Moreover, the binary logistic regression reveals that cardiovascular diseases are not significantly associated with LBP in the population group. Similarly, multiple linear regression results suggest that cardiovascular diseases are not significantly associated with the severity of LBP in Saudi community adults. These results indicate that cardiovascular diseases do not necessarily cause LBP in Saudi community adults. In addition, the results denote that the sample data do not provide sufficient evidence that will allow the study to accept the hypothesis that cardiovascular diseases cause severity in LBP in Saudi community adults.

On the other hand, the other studies have mixed findings for the association between cardiovascular diseases and LBP. For example, Heliovaara et al. [45] found that atherosclerosis, a cardiovascular disease, is not etiologically linked to LBP, which is consistent with the results of this study. Kauppila [46] also revealed a weak association between cardiovascular risk factors and LBP. These results are, however, incongruent with the results of other studies. Furthermore, several studies revealed the contrary findings that cardiovascular diseases are significantly associated with LBP [47,48]. In a meta-analysis by Fayaz et al. [47], chronic LBP was strongly associated with cardiovascular diseases. All of these studies contradict the present research results that LBP and cardiovascular diseases are not significantly associated.

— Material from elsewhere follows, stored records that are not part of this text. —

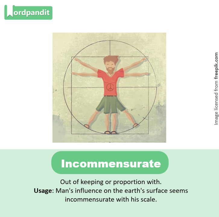 • Out of keeping or proportion with.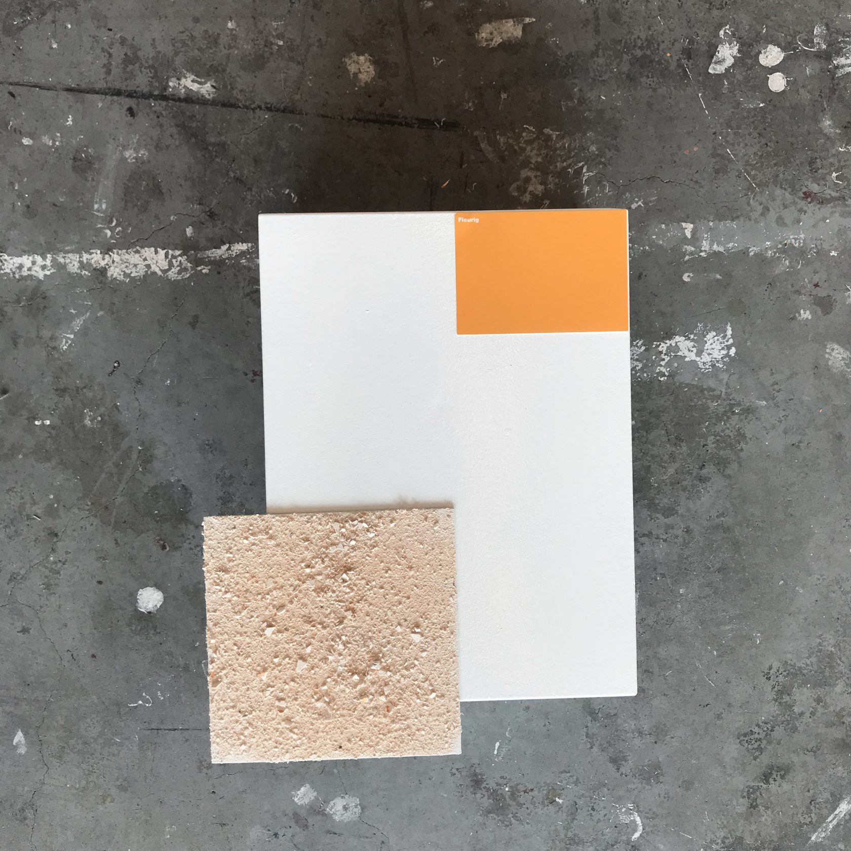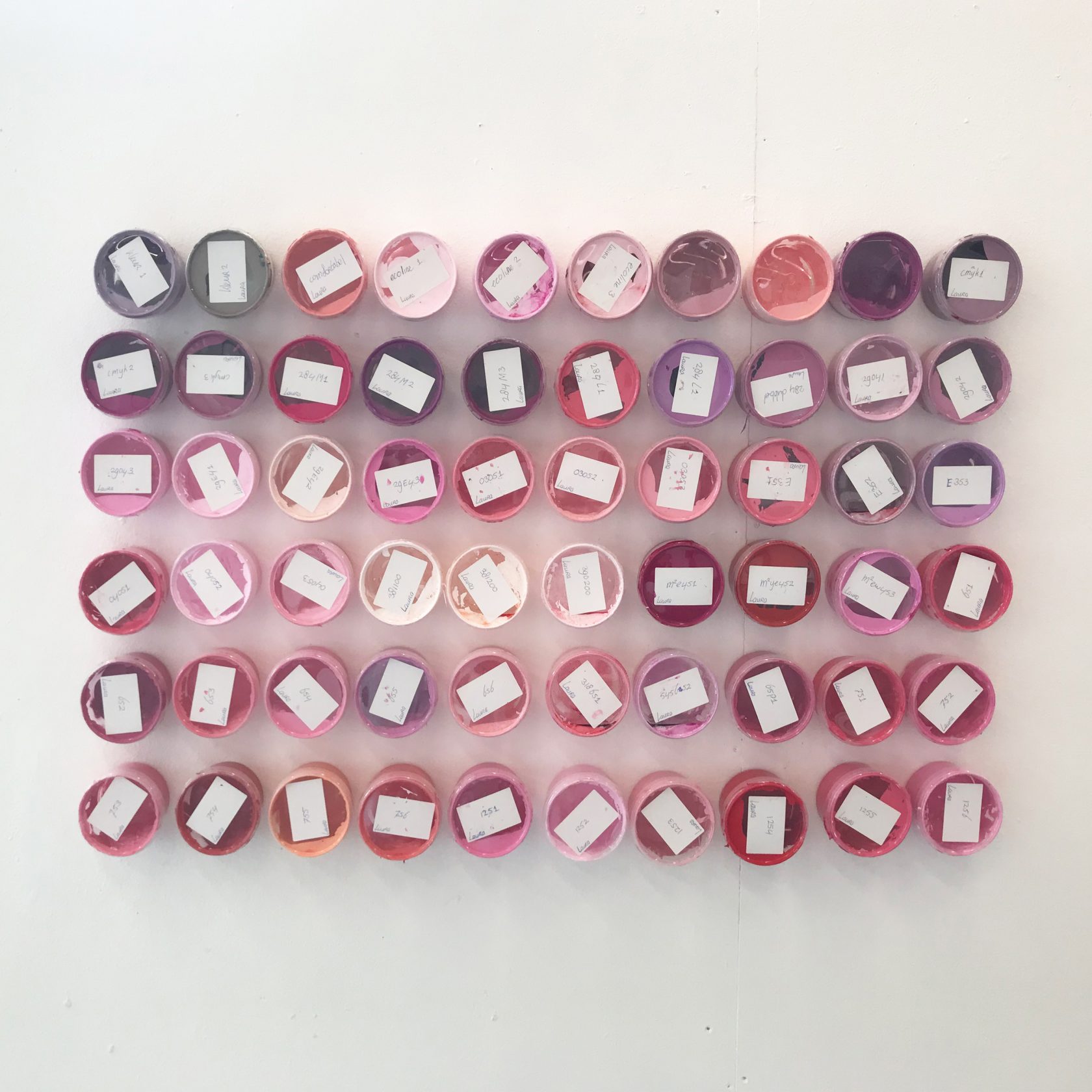 Ook kleuronderzoek lijkt een gedeeld onderwerp. Oranje, roze en verschillende grijzen spelen de hoofdrol in een aantal werken en geven als kleurkaartjes van de GAMMA of plastic potjes gevuld met pigment, het onderzoek weer -helaas zonder duidelijk beeld geworden conclusie- .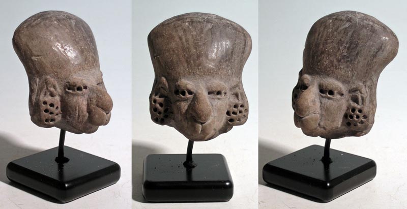 Manteno Head from Ecuador, ca. 1000 - 1500 AD. A large and superbly detailed Manteno head from Ecuador, ca. 1000 - 1500 AD. This nicely burnished example is 2-3/4 high and depicts an individual with the elongated head characteristic of the early types. He is adorned with complex ear ornaments and a large nose ring. Good mineral deposits, mounted on stand. Ex Florida estate. Value range: $125 - $250.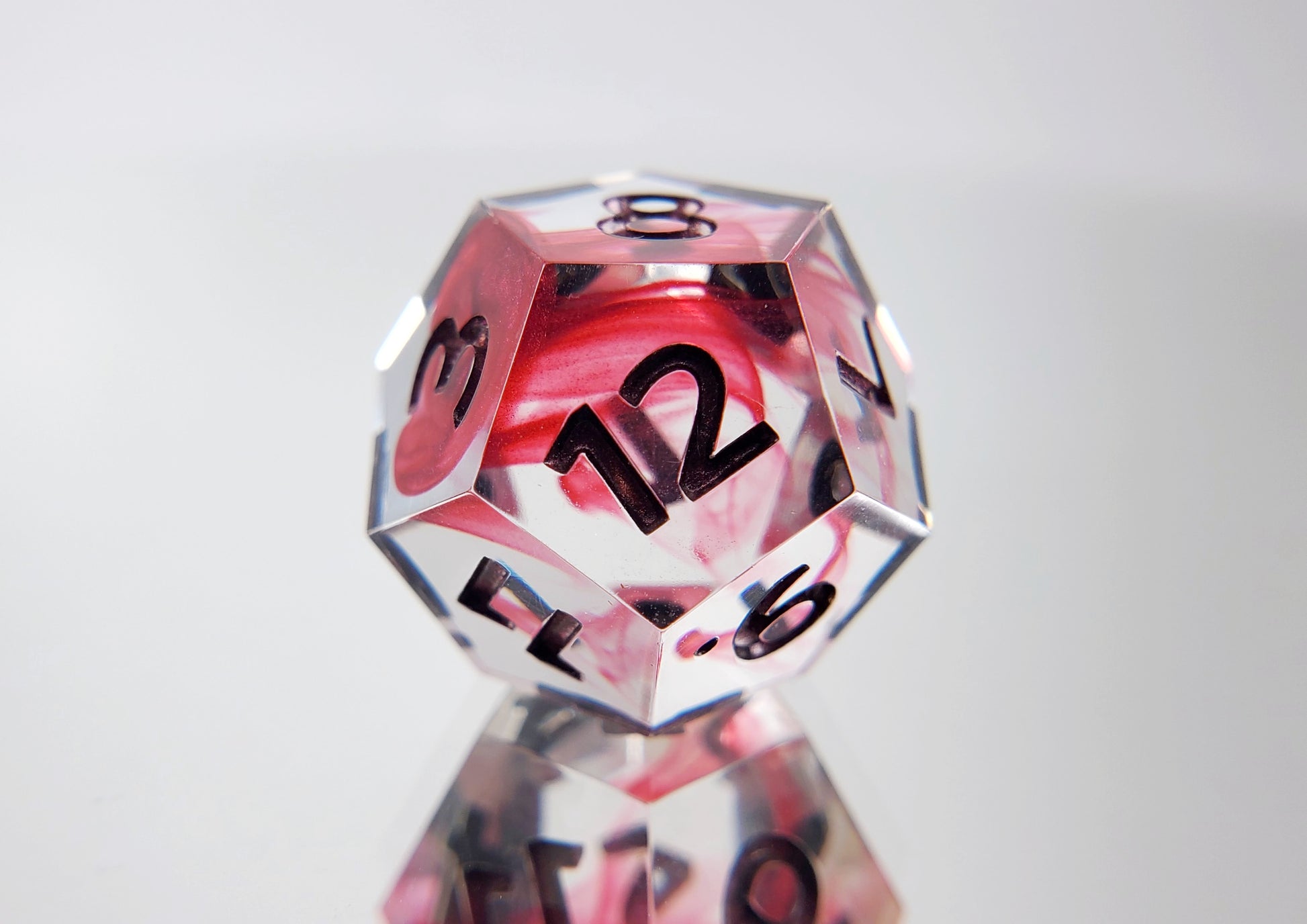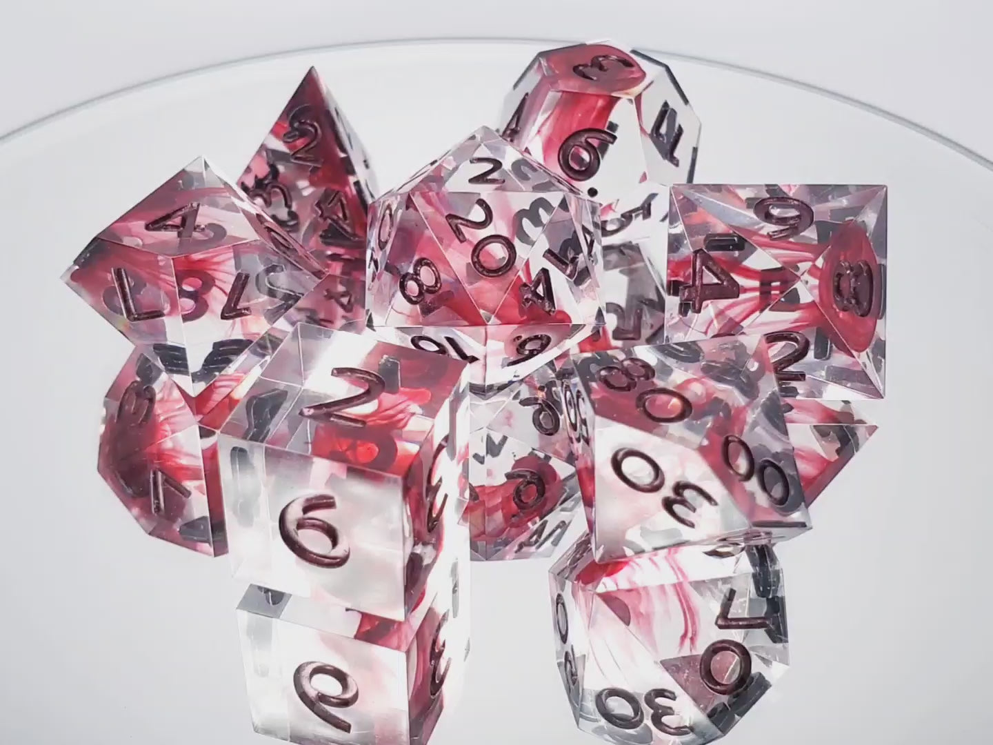 *Dice are entirely handmade from start to finish and therefore may have minor imperfections or color variations. Pictures are representative of the color and style but your exact set may vary. Please note color calibration of your screen may also vary. While they are just as balanced as commercially produced dice, it is recommended handmade dice be used for casual play only.

Furthermore, the results from the binary logistic regression show that dyslipidemia is not significantly associated with LBP. These results are, however, in contrast with some studies. For example, Kauppila [46] and Zafar et al. [49] revealed that dyslipidemia can lead to LBP as a result of aortic atherosclerosis. Likewise, Heuch et al. [50] revealed that abnormal serum lipid levels (related to dyslipidemia) are associated with an increased risk of low back pain severity. Furthermore, a positive correlation was found between lumbar disc herniation and serum lipid levels [51]. Thus, these studies negate the results of the present studies that suggest that dyslipidemia is not associated with the presence of LBP in Saudi community adults.

This work significantly contributes to the limited literature existing on the prevalence of low back pain in Saudi Arabia. In addition, we were able to examine the associated risk factors with LBP. However, our study has several limitations. First, it is a cross-sectional study; therefore, we could not establish the causality relationship between risk factors and LBP. Second, the small and geographical limited sample size can limit the generalizability of our results to different areas in Saudi Arabia. Therefore, future studies can include a larger sample size from other geographical regions to estimate LBP prevalence in the general population. Finally, a longitudinal study design is needed to better understand the relationship between associated risk factors and LBP in Saudi adults.

5. Conclusions

Low back pain is highly prevalent in the Saudi adult community, with more than a fourth of the sample reporting back pain. In addition, the research identified numerous modifiable risk factors (BMI, education, employment status, marital status, and smoking status) and unmodifiable risk factors (arthritis, hypertension, anemia, osteoporosis, and history of fractures) associated with low back pain in the study sample. This study calls for action to develop preventive, education, and management programs in society.